GOAL OF THE EXERCISE
Only a verbatim restatement of the lines from the one with "Tıp-Bilim Doktorası Bütünleşik Programı" through the end of the listing below is wanted. Pictures should be left out.

DATA SECTION
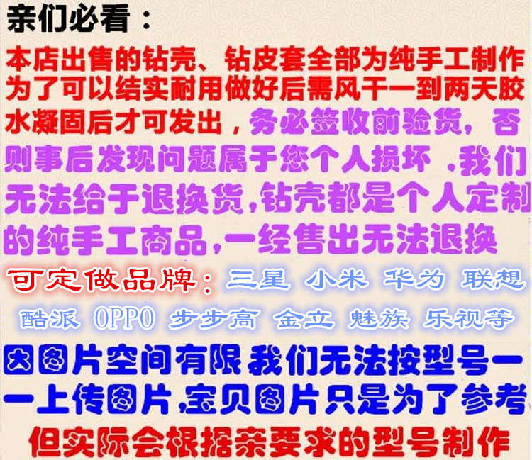 提醒親們註意:本店所有鉆殼均為透明硬殼鑲鉆哦,不清楚的親可以聯系在線客服哦!!!
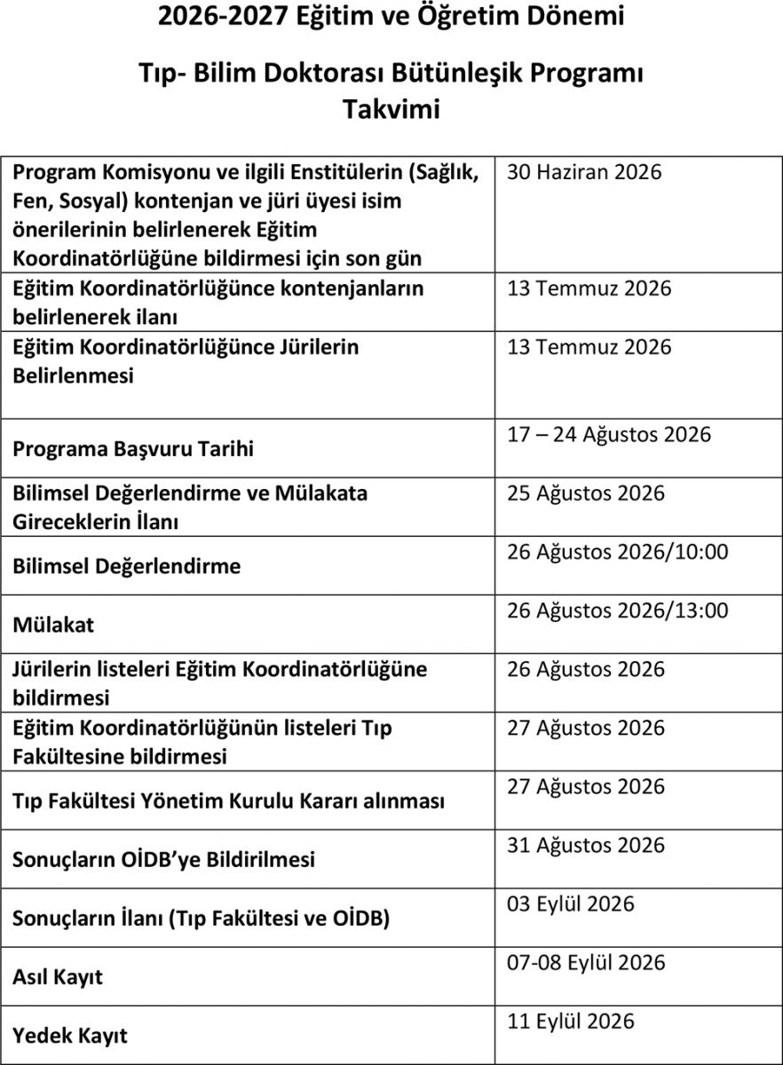 Tıp-Bilim Doktorası Bütünleşik Programı
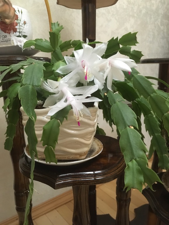 У меня у мамы тоже цветет сейчас декабрист, только розового цвета...отлично повышивала, челкунчика совсем немного осталосьдовышивать...

SOLUTION TO THIS PROBLEM
 Tıp-Bilim Doktorası Bütünleşik Programı
 У меня у мамы тоже цветет сейчас декабрист, только розового цвета...отлично повышивала, челкунчика совсем немного осталосьдовышивать...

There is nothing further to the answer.